Work to complete » After locating the line that holds "From Figure 8, we", repeat it and each following line exactly until the material ends, skipping pictures.

Dataset »
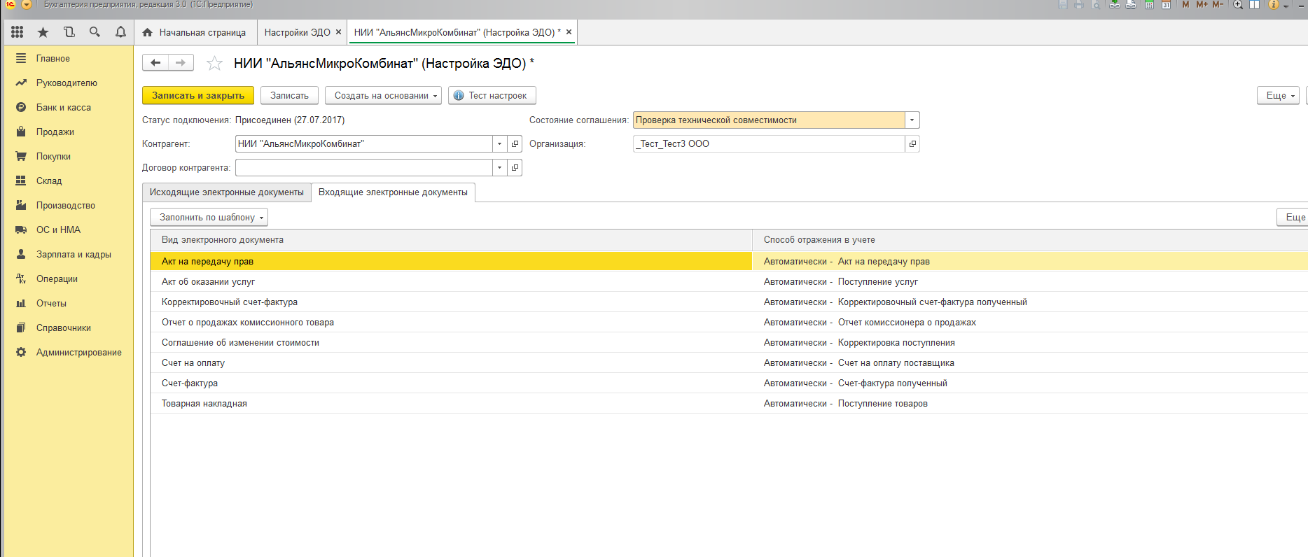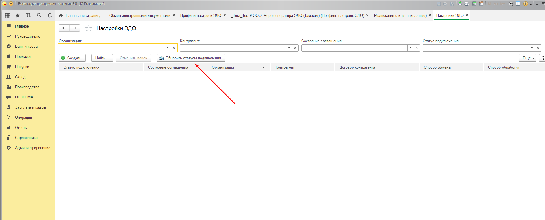 7. В «Настройках ЭДО» вызвать команду «Обновить статусы подключения»,
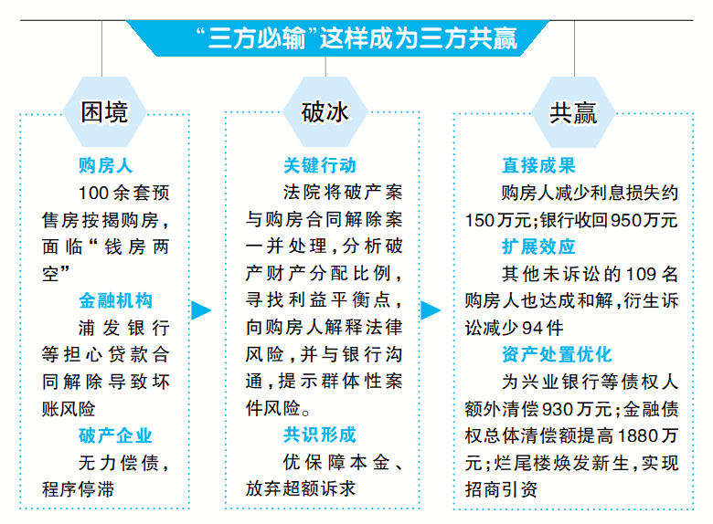 去年8月,在苏家屯区法院的主持下,14名购房人与浦发银行达成调解协议。不仅为购房人减少利息损失约150万元,更向浦发银行、建设银行合计支付950万元,提升金融机构债权清偿额,化解坏账风险。“拿到钱的那一刻,悬了4年的心终于放下了!”购房人王先生激动不已,他不仅拿回了扣除银行本金后的剩余购房款,更避免了被银行起诉的诉累,节省了利息。浦发银行负责人坦言:“法院的调解让我们在破产财产有限的情况下,最大限度收回本金,降低了金融坏账风险。”
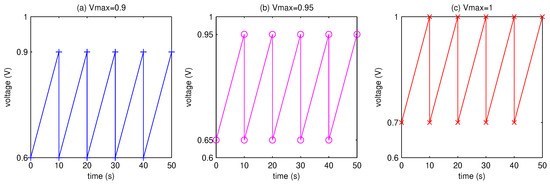 From Figure 8, we observe the decay of in time (during cycles) starting at 1, which is stronger at the larger upper potential level and weaker at the lower .
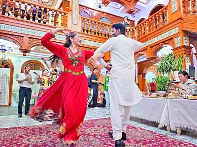 新疆喀什古城一家民宿內(nèi)的歌舞演出。本報(bào)記者 范天培攝
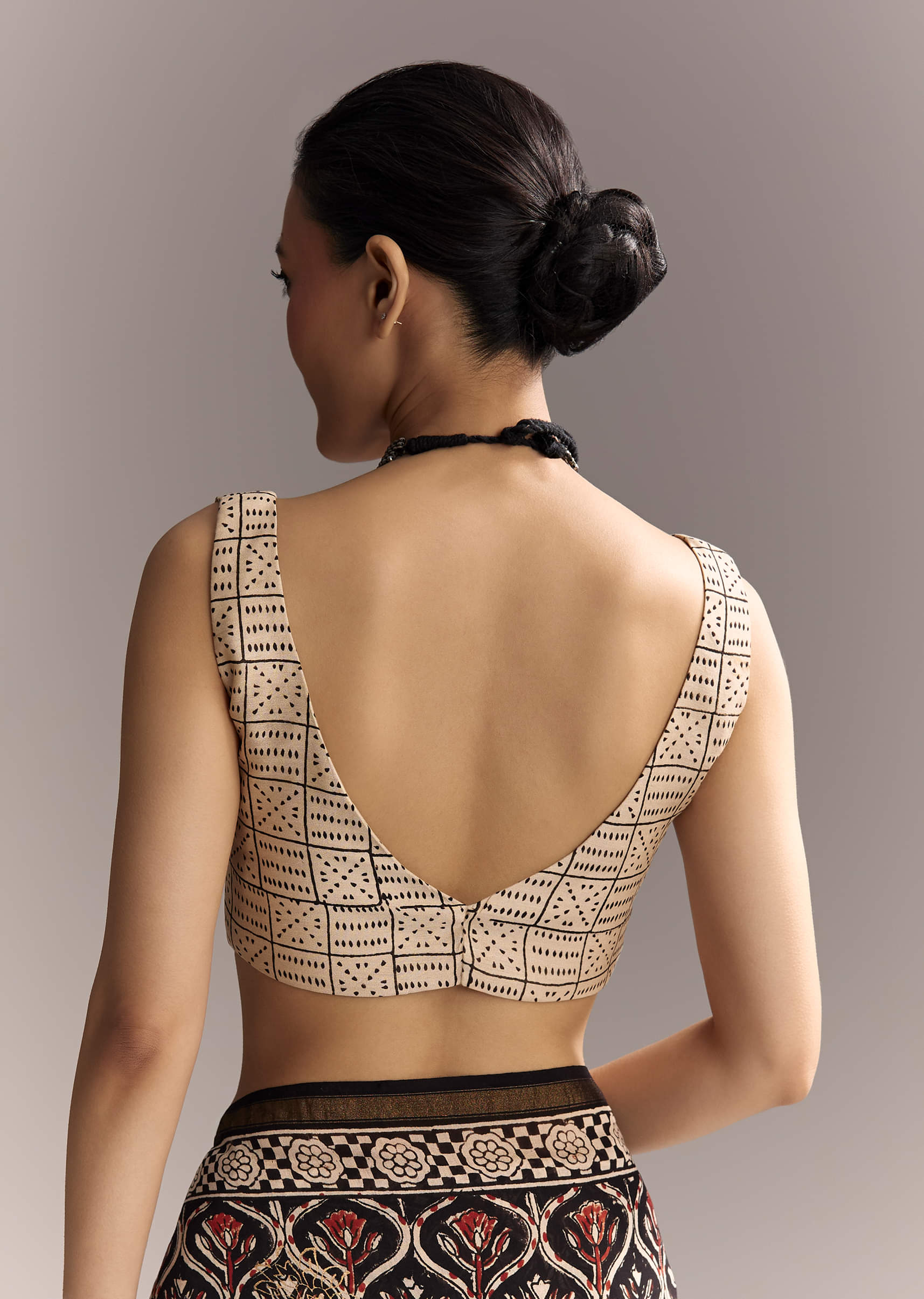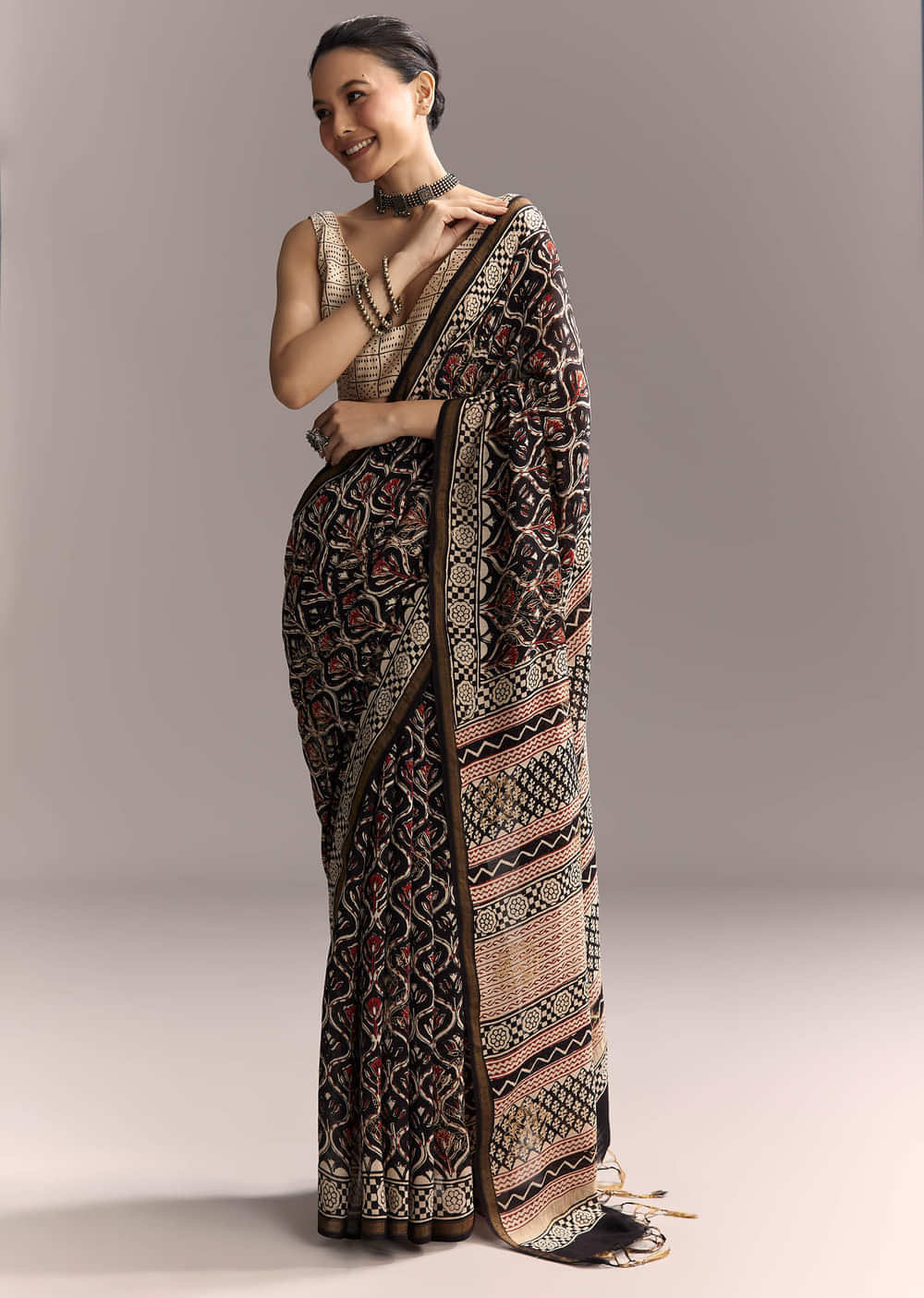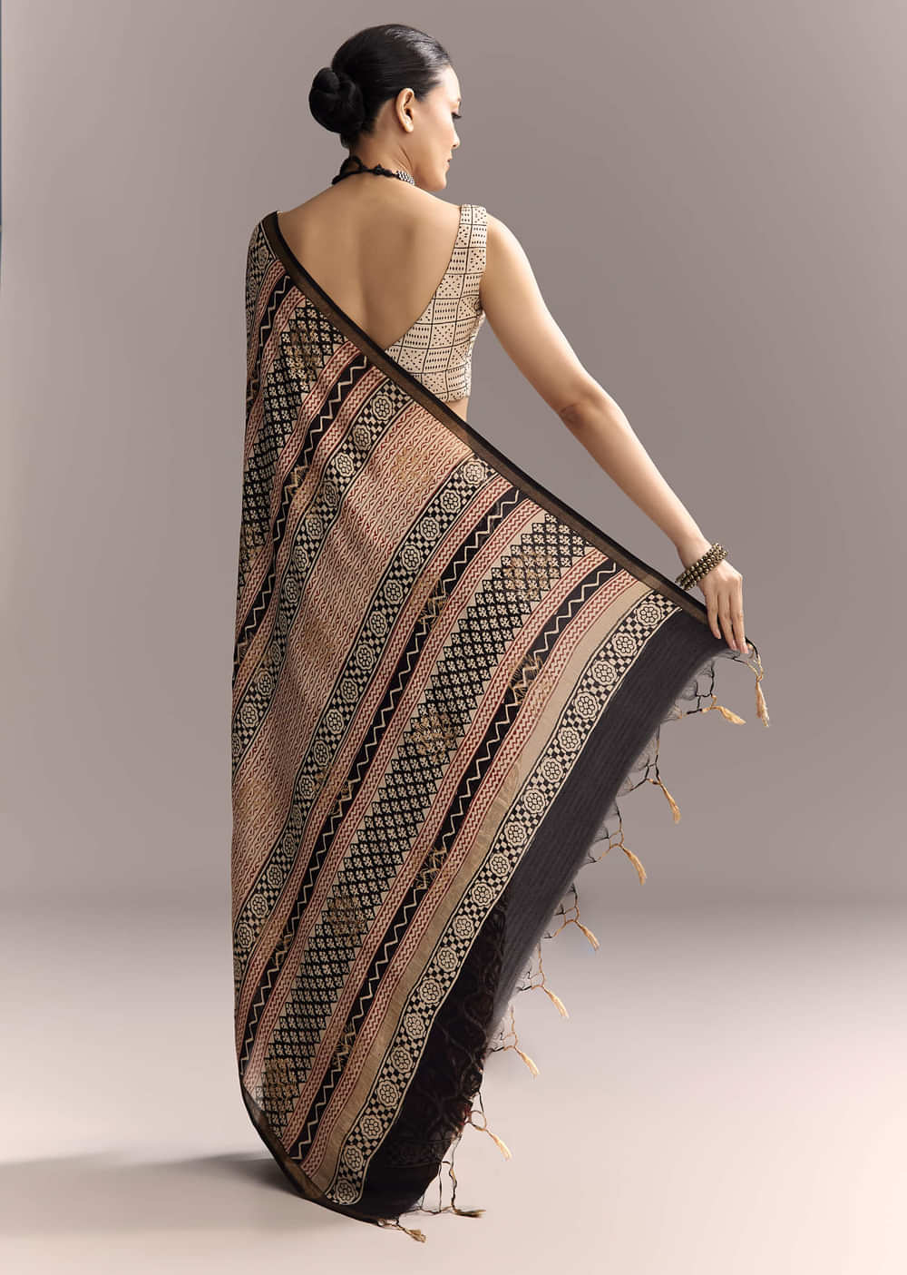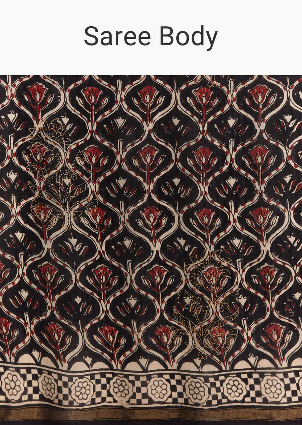 Black Linen Saree With Authentic Ajrakh Print And Maroon Border

Answer section »
 From Figure 8, we observe the decay of in time (during cycles) starting at 1, which is stronger at the larger upper potential level and weaker at the lower .
 新疆喀什古城一家民宿內(nèi)的歌舞演出。本報(bào)記者 范天培攝
 Black Linen Saree With Authentic Ajrakh Print And Maroon Border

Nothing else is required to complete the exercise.